Tampouco havia sido sempre tão negligente. Ao contrário, cumpria com zelo e até prazer toda a rotina de banho, amamentação, sono — apesar do embaraço da cadeira de rodas, que logo superei.

Mas o tempo passava sem que eu recuperasse qualquer movimento. Já as pernas — e os braços, o pescoço e todo o resto — de Artur só se fortaleciam, até que um dia ele se pôs de pé, apoiado na mesa de centro da sala. Aquela visão me encheu de uma fúria súbita. Minha vontade foi derrubá-lo no chão com uma rasteira.

— Olha, Lulu, Artur está quase andando! — meu marido comentou, empolgado.

— Não. Ainda vai demorar — respondi, encerrando aquela conversa e prendendo o menino no cadeirão de refeições sob o pretexto de lhe dar um lanche qualquer.

Fui enfiando as colheradas de mingau em sua boca sem mal reparar no que fazia. Minha cabeça estava muito ocupada com a repentina epifania: Artur estava roubando o tônus de minhas pernas, minha capacidade de andar, para ele! E quanto mais avançasse em suas habilidades, mais eu regrediria nas minhas. Eu não vinha mesmo percebendo uma piora? Nunca mais sentira o formigamento familiar na planta dos meus pés, e minhas pernas já não distinguiam o frio do calor. Os ganhos dele eram às custas de minhas perdas. Olhei-o engolir o mingau, cheia de ressentimento.

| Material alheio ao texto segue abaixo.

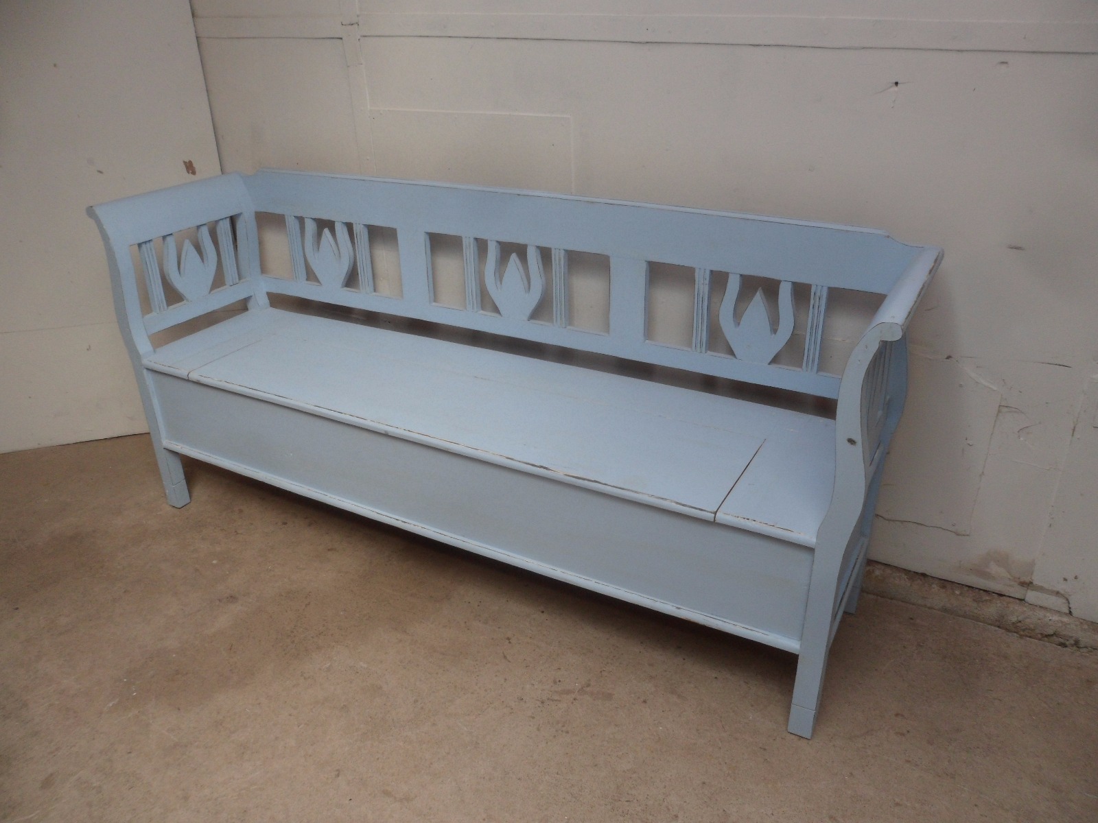 Amazing 3/4 Seater Sky Blue Pine Shabby Chic Box Settle / Bench

Passei a deixá-lo por horas no cadeirão, amarrado pelo cinto de segurança, quando meu marido não estava. Se não lhe desse a chance de praticar, ele não andaria! Mas, preso, ele chorava sem trégua, o que me irritava muito.

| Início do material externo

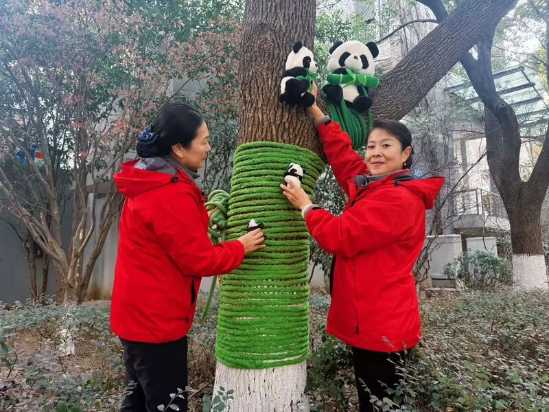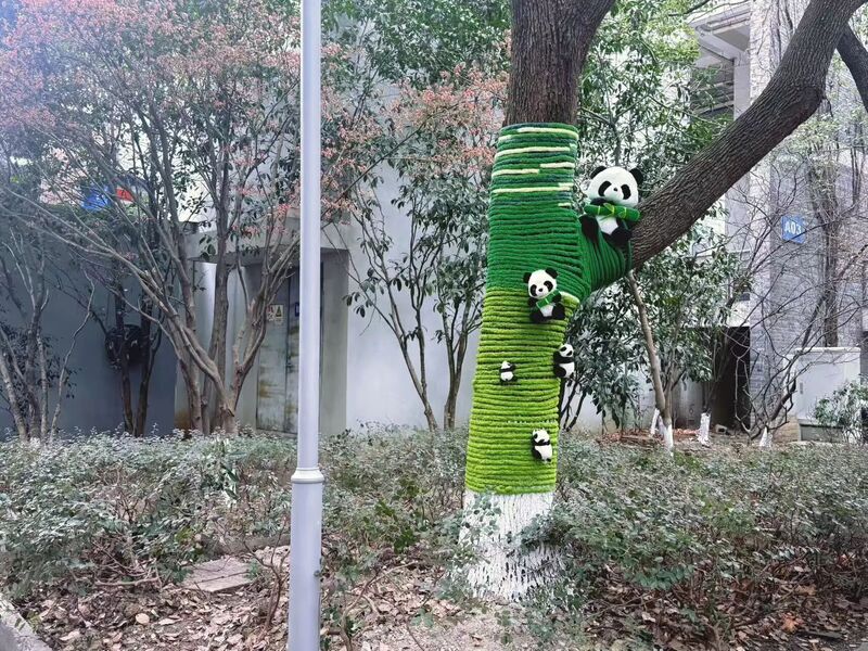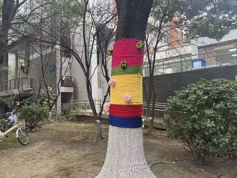 寒冬来临,宿管阿姨们细心为宿舍楼前的树木“添衣”。她们将厚厚的麻布和草席仔细缠绕在树干上,为每棵树系好温暖的“冬装”。这项传统而温暖的护树工作,不仅保护树木安然过冬,也让路过的同学感受到这份对自然的细致呵护——就像阿姨们平日照顾学子般,温柔而坚定。

Um dia, sem suportar mais, libertei-o e o coloquei no chão. Artur imediatamente engatinhou até o sofá e tentou escalá-lo. A cena me inspirou uma estratégia diferente. Passei a deixá-lo livre para escalar a mobília à vontade. Numa dessas tentativas, ele talvez sofresse uma queda forte o suficiente para trocar de lugar comigo, me libertar.

— Que galo é esse na cabeça do menino, Lucélia? — meu marido quis saber umas noites depois, quando, chegando em casa do serviço, notou um calombo arroxeado na testa do filho.

— Não foi nada, Milton! Ele tentou subir numa cadeira da cozinha enquanto eu passava um café e escorregou.

Ele me olhou, um ar de preocupação.

— Lulu, agora que ele está mais ágil, engatinhando, escalando, deve ser difícil para você acompanhá-lo sem ajuda. Você sabe que podemos pagar por uma babá.

— Que bobagem, amor! Foi só uma quedinha à toa, veja como ele está bem — e eu tentei esconder meu desapontamento ante à constatação: sim, ele estava bem. — Cair faz parte de aprender a andar!

Milton não respondeu, mas eu sabia que voltaria ao assunto no próximo galo ou hematoma, que certamente se sucederiam, pois eu não tinha a menor intenção de proteger o menino. Meu rancor por Artur só crescia a cada progresso seu. Já não interagia com ele. Dava banho, comida, vestia-o, até o colocava para dormir em absoluto silêncio e de cara amarrada. No resto do tempo, deixava-o largado para que se aventurasse à vontade, corresse quantos perigos lhe aprouvesse.